**WHAT IS NEEDED:** Starting at the first line of the data and ending at the line with "elegant we got", copy each line exactly. Include both of those lines, but no pictures.

(Stored dataset items)
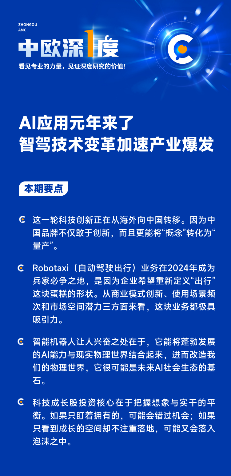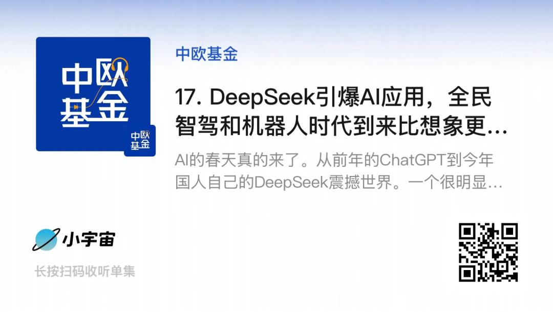 从日常生活的衣食住行,到你学习工作思考乃至认知这个世界的方式,都在被AI悄悄改变。如果你正好对AI感兴趣,那么推荐你来听听中欧基金最新一期播客,我们邀请到了中欧基金基金经理冯炉丹和类星频道主理人郑晓康一起迎风畅聊AI,两位嘉宾一个半小时的如数家珍,会让你有种同频的畅快;如果你对AI还知之甚少,那么这期的播客也是为你而录,全程关于智能驾驶、人形机器人的硬核科普和投资干货,让AI不再只是个抽象的科技名词。
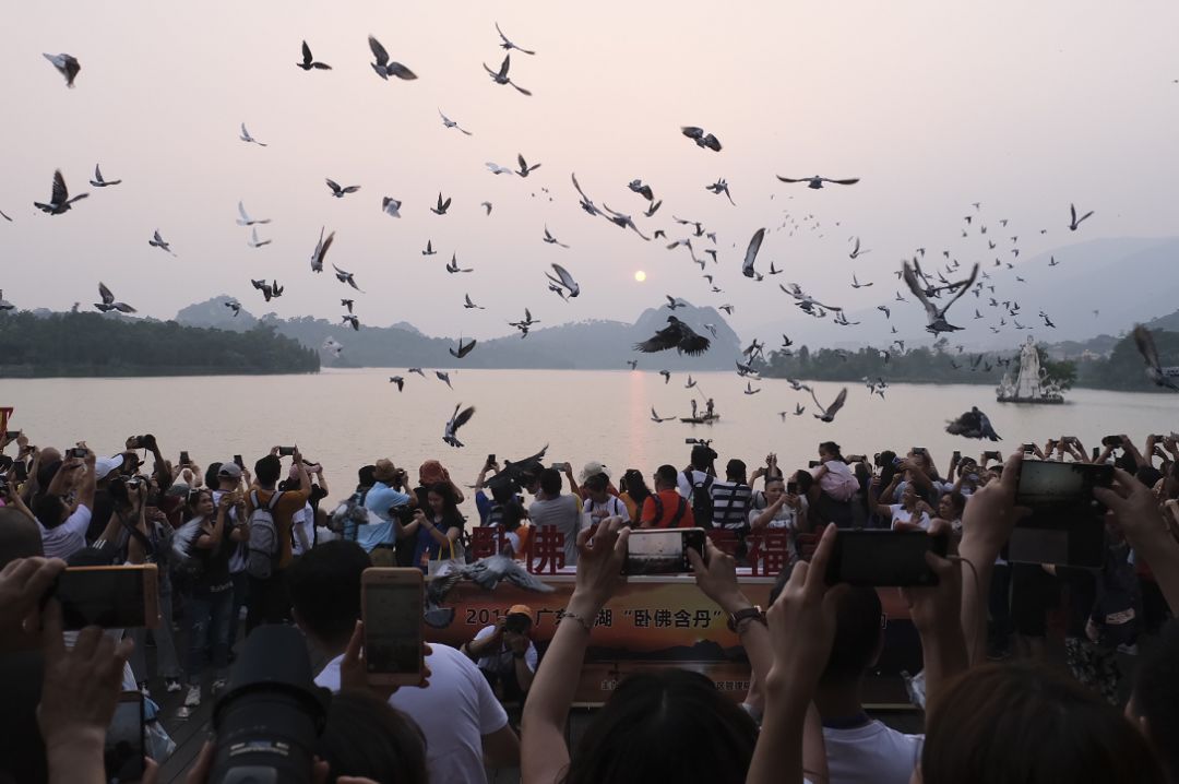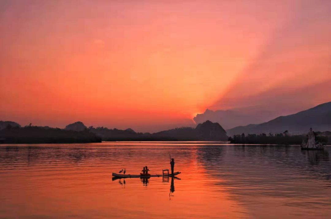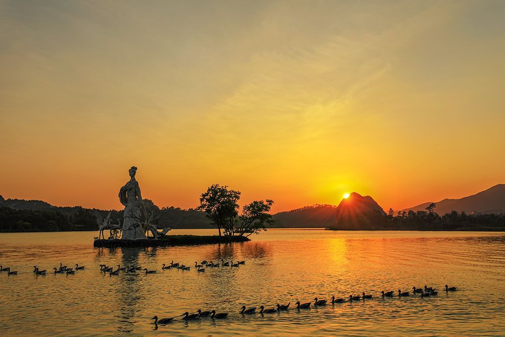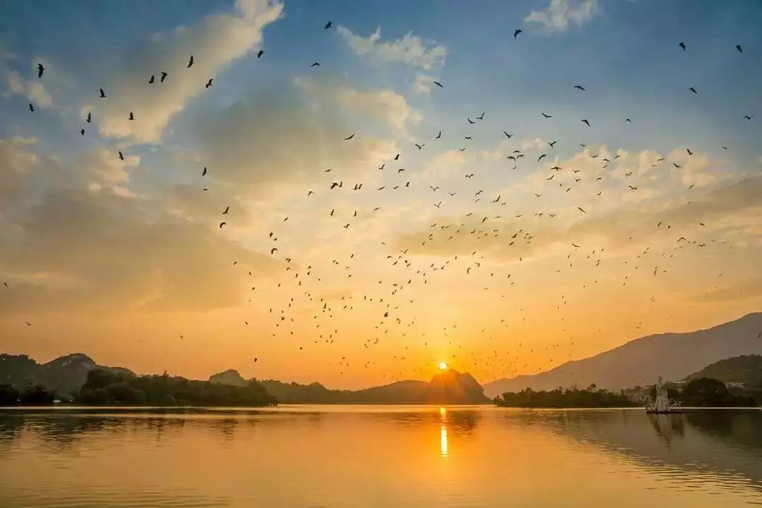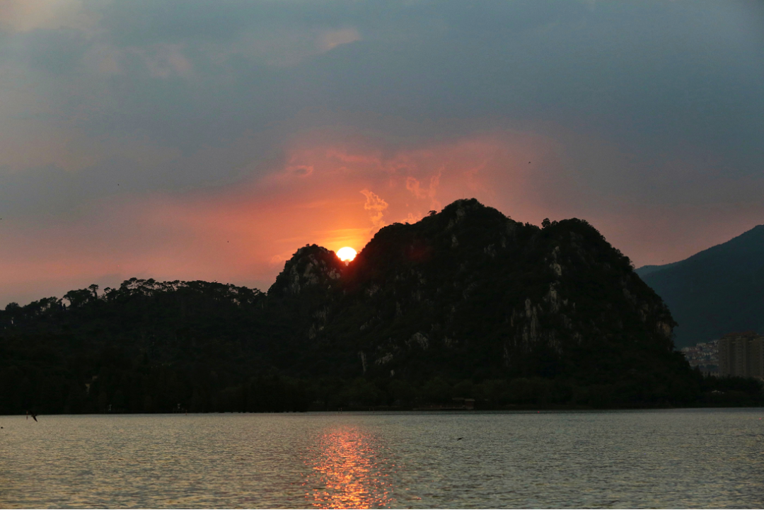 所谓“异”,是指每年的3月、9月中旬(即春分后、秋分前),晴天时傍晚6点左右,可见夕阳缓缓下坠,宛然嵌入于卧佛口中,遂形成星湖奇异的天象奇观“卧佛含丹”。
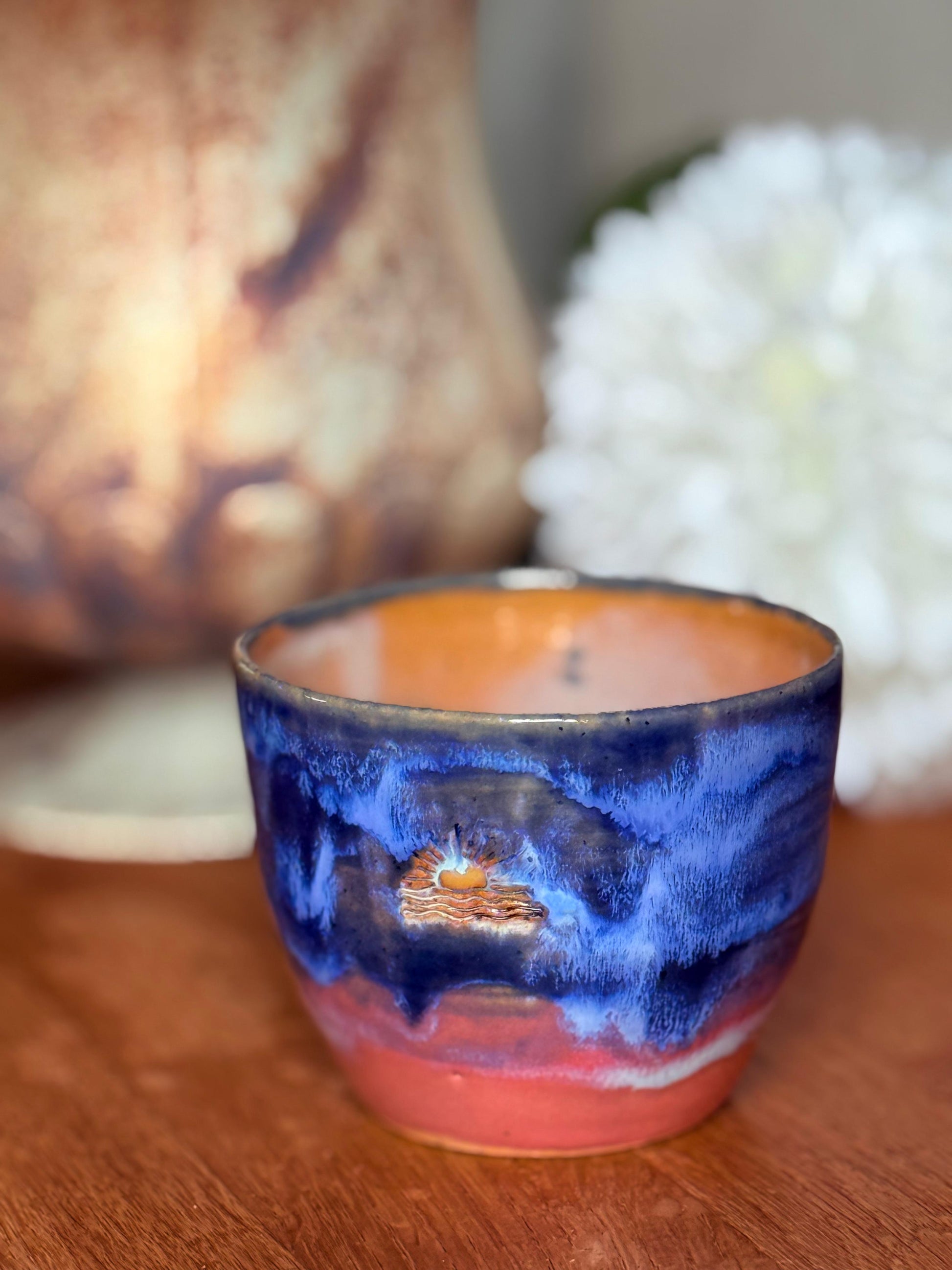 Zu verkaufen ist ein wunderschöner Keramikbecher, der mit insgesamt 5 verschiedenen Glasuren glasiert wurde. Ich wünsche Euch viel Freude damit!
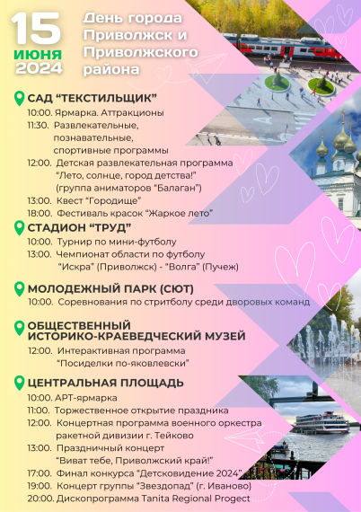В Приволжске отпразднуют День города. Гостей и жителей ждут ярмарки и аттракционы, турнир по мини-футболу, состязания по стритболу и многое другое. Музыкальную составляющую праздника обеспечат военные оркестр Тейковской ракетной дивизии, группа "Звездопад" из Иванова и другие вокалисты.
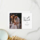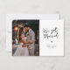elegant we got married wedding photo announcement design with lovely black lettering. The bride and groom's image and back colour and text can be personalised.
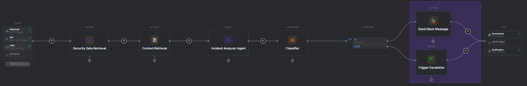 3. Incident analysis and Ccassification: The workflow triggers an AI agent that uses advanced frameworks to analyze the alert data, classify the incident severity, and select the optimal response playbook for automation.

**SOLUTION BELOW:**
 从日常生活的衣食住行,到你学习工作思考乃至认知这个世界的方式,都在被AI悄悄改变。如果你正好对AI感兴趣,那么推荐你来听听中欧基金最新一期播客,我们邀请到了中欧基金基金经理冯炉丹和类星频道主理人郑晓康一起迎风畅聊AI,两位嘉宾一个半小时的如数家珍,会让你有种同频的畅快;如果你对AI还知之甚少,那么这期的播客也是为你而录,全程关于智能驾驶、人形机器人的硬核科普和投资干货,让AI不再只是个抽象的科技名词。
 所谓“异”,是指每年的3月、9月中旬(即春分后、秋分前),晴天时傍晚6点左右,可见夕阳缓缓下坠,宛然嵌入于卧佛口中,遂形成星湖奇异的天象奇观“卧佛含丹”。
 Zu verkaufen ist ein wunderschöner Keramikbecher, der mit insgesamt 5 verschiedenen Glasuren glasiert wurde. Ich wünsche Euch viel Freude damit!
В Приволжске отпразднуют День города. Гостей и жителей ждут ярмарки и аттракционы, турнир по мини-футболу, состязания по стритболу и многое другое. Музыкальную составляющую праздника обеспечат военные оркестр Тейковской ракетной дивизии, группа "Звездопад" из Иванова и другие вокалисты.
elegant we got married wedding photo announcement design with lovely black lettering. The bride and groom's image and back colour and text can be personalised.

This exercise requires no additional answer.